[[ Exercise inputs open ]]
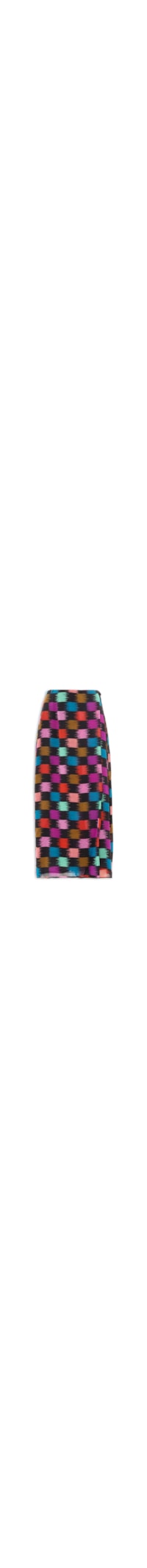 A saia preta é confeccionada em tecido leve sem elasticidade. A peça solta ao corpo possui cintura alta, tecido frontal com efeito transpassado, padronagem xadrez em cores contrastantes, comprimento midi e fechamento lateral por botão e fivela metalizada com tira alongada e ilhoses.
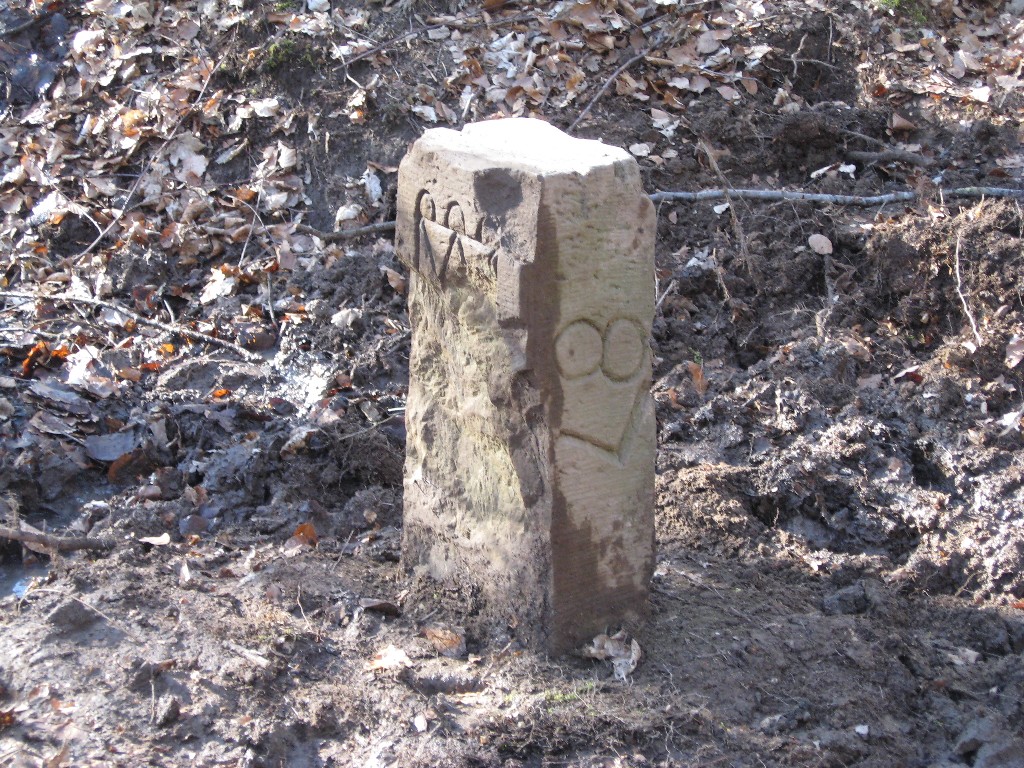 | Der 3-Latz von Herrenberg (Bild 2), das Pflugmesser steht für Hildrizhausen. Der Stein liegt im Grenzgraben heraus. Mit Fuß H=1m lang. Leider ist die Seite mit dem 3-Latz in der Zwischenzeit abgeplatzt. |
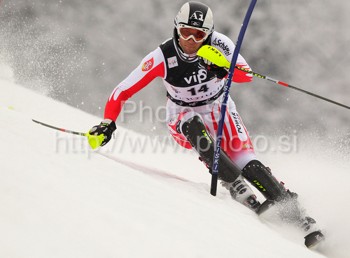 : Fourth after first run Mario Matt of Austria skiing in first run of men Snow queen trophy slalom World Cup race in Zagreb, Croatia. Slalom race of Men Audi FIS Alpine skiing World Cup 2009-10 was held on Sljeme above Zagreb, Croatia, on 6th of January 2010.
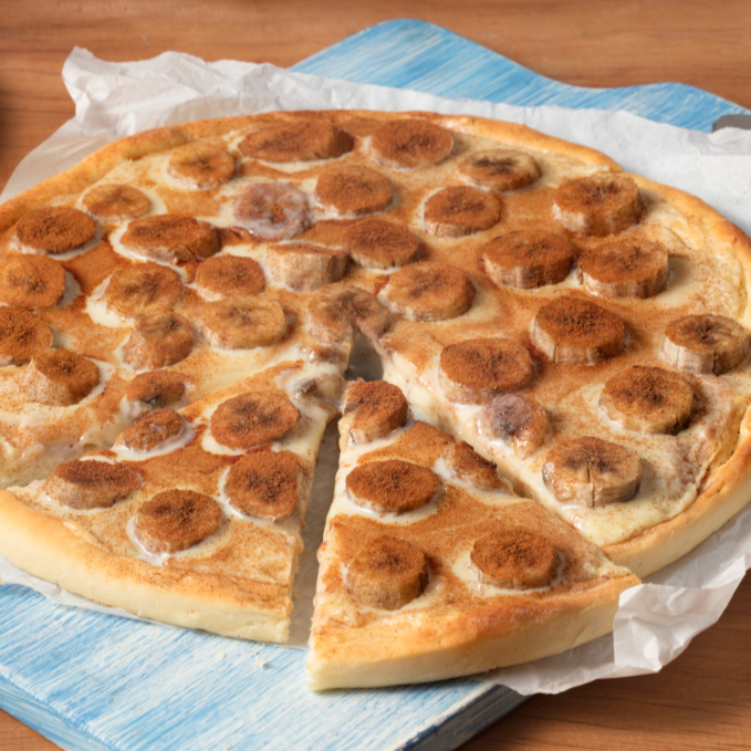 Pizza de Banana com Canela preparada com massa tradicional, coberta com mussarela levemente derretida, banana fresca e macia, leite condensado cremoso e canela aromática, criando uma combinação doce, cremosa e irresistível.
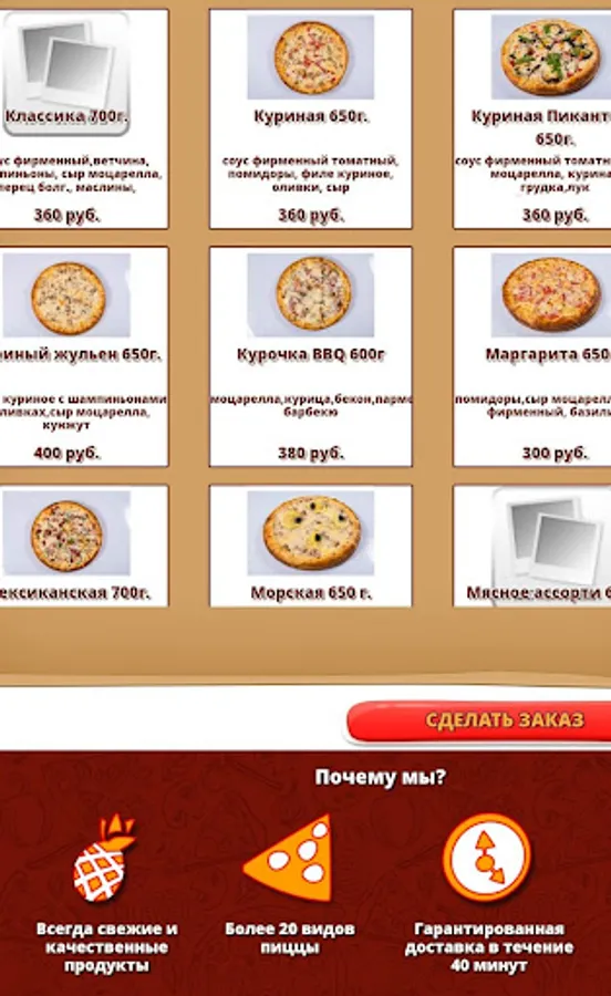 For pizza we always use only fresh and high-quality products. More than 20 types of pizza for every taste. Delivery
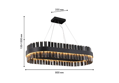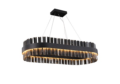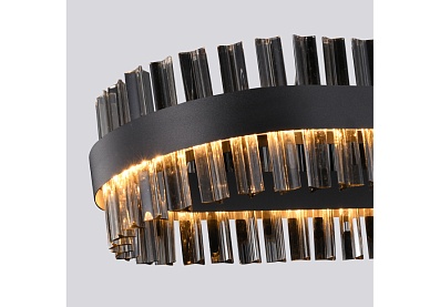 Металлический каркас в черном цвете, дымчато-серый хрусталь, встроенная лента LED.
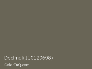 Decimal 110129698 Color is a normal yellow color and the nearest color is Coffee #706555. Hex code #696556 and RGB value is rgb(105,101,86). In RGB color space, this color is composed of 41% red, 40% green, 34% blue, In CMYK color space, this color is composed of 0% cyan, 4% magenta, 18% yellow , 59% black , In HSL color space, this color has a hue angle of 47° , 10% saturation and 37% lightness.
[[ Exercise inputs closed ]]
[[ Exercise inputs open ]]
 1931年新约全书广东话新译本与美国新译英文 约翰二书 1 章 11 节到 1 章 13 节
[[ Exercise inputs closed ]]
### [What you have to do]
Above are some entries. Restate word for word the lines from the one holding "Металлический каркас в" through the one holding "Decimal 110129698 Color", but not the pictures.

### [Response]
 Металлический каркас в черном цвете, дымчато-серый хрусталь, встроенная лента LED.
 Decimal 110129698 Color is a normal yellow color and the nearest color is Coffee #706555. Hex code #696556 and RGB value is rgb(105,101,86). In RGB color space, this color is composed of 41% red, 40% green, 34% blue, In CMYK color space, this color is composed of 0% cyan, 4% magenta, 18% yellow , 59% black , In HSL color space, this color has a hue angle of 47° , 10% saturation and 37% lightness.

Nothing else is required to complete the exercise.